We break down the parallel paths of two Soviet men who were raised to wage war against the West. After the Soviet Union collapsed, one man rose while the other one fell.
• The C.I.A. is broadening its drone operations, moving aircraft to a base in the Sahara to hunt Islamist militants.
The program was scaled back under the Obama administration after a backlash over civilian deaths, but President Trump has eased restrictions. Officials from the U.S. and Niger confirmed to The Times the location of a new C.I.A. drone base in northeastern Niger, above.
The U.S. military is building a drone base just 350 miles away, and the C.I.A. won’t comment on why it needs its own. But our reporters offer a few explanations: It could be because the C.I.A.’s base is closer to southern Libya, an active base for extremist activity. But it could also reflect how the Trump administration is expanding its drone program around the world.
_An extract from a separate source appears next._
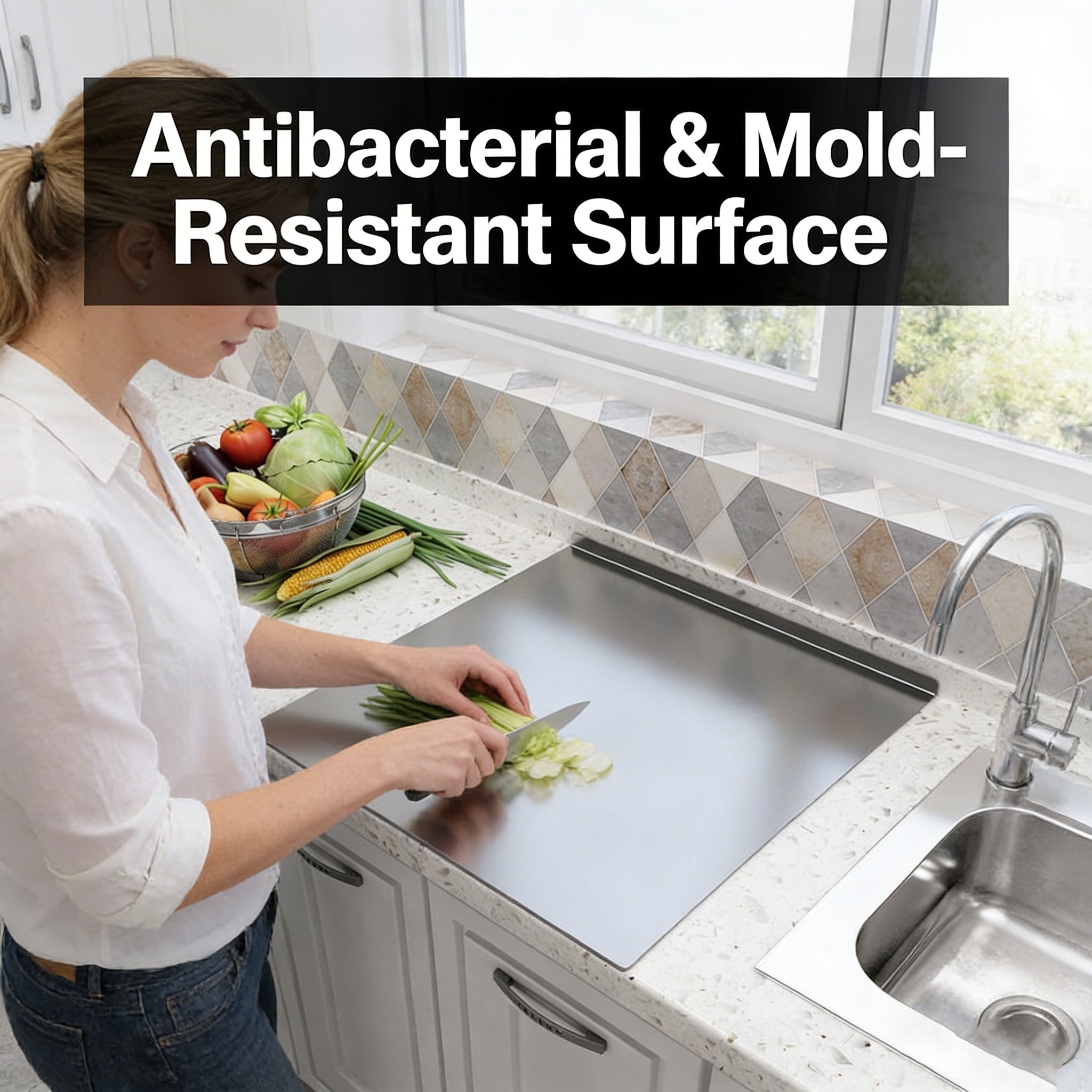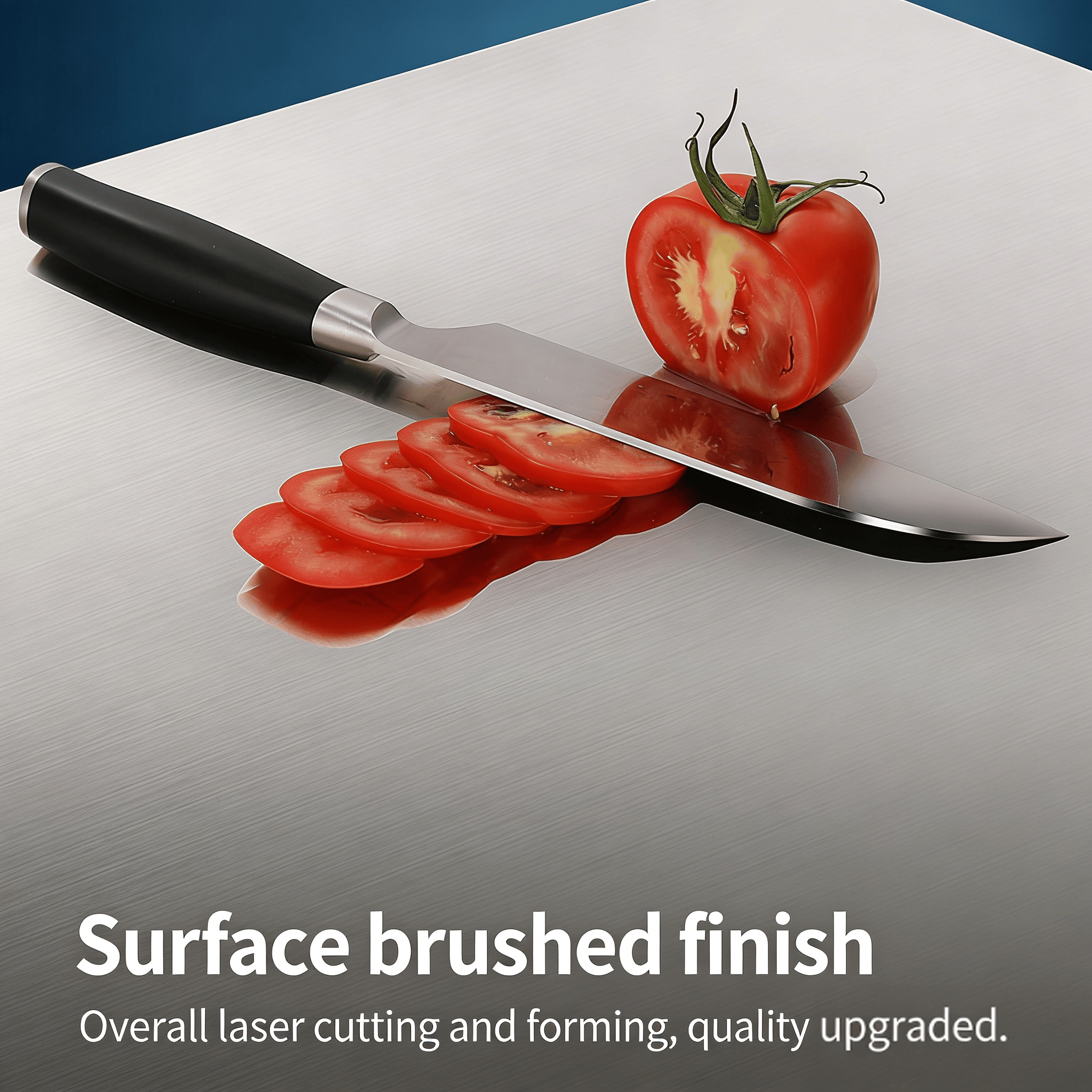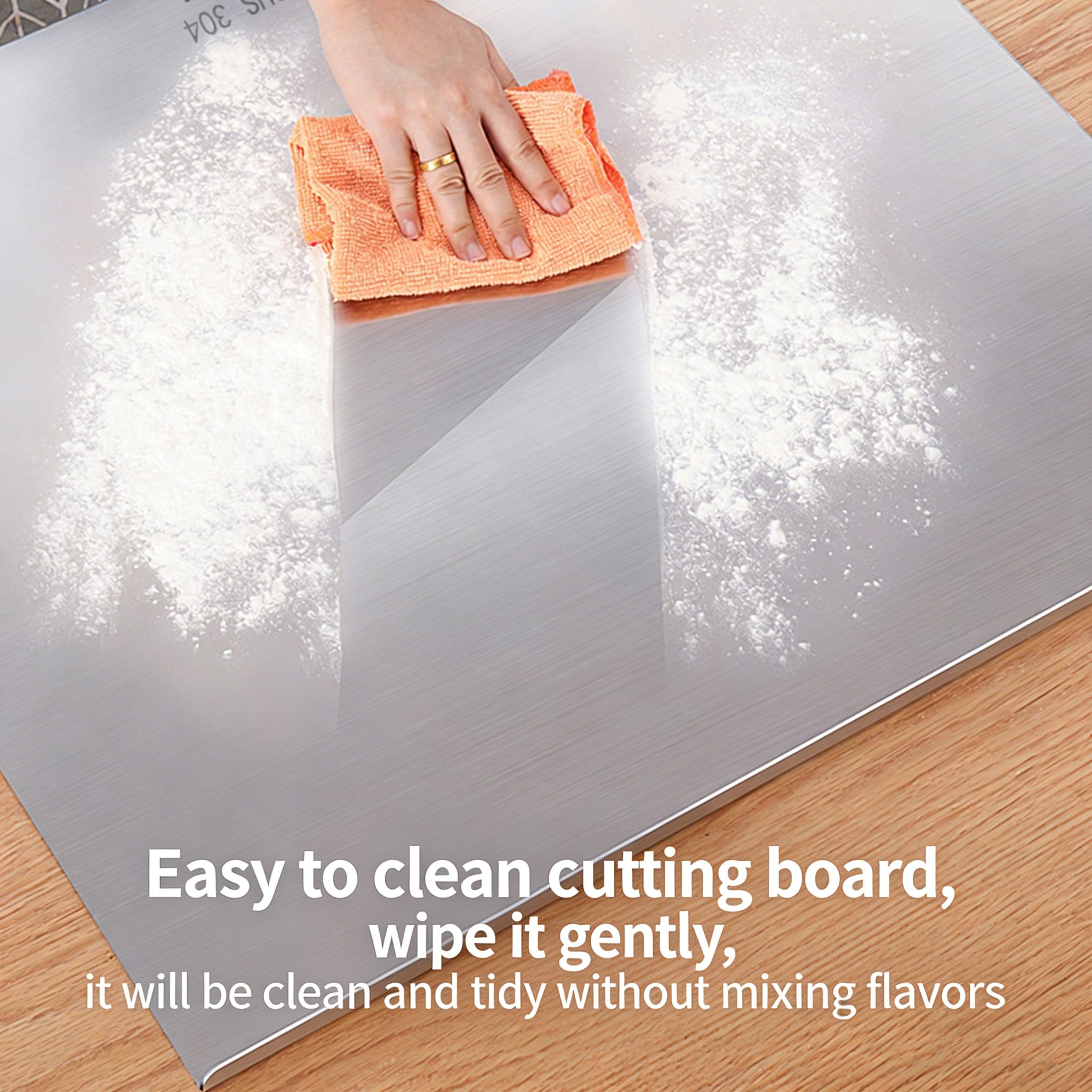 Unlike wood boards that can absorb liquids and harbor bacteria, stainless steel provides a non-porous surface that helps maintain better kitchen hygiene.

• Novak Djokovic won the men’s U.S. Open title, defeating Juan Martín del Potro for his 14th major championship. Even with fans chanting del Potro’s name from the stands, Djokovic, above, played with such precision that his victory seemed all but assured.
The men’s title was a sharp contrast to the women’s final match, which ended in chaos, accusations of sexism and a remarkable win by Naomi Osaka, who defeated Serena Williams to become the first Grand Slam champion from Japan.
But Williams picked the wrong time to make a good point about issues of gender equality in tennis, our columnist writes.
• Elliott Management, founded by Paul Singer, above, is funding lawsuits by shareholders who want Volkswagen to reimburse them for losses caused by the diesel scandal. A German court begins hearing evidence today.
• Leslie Moonves, the longtime chief executive of the CBS Corporation, stepped down Sunday night. Mr. Moonves had already been negotiating his departure before a report detailed new sexual harassment allegations against him.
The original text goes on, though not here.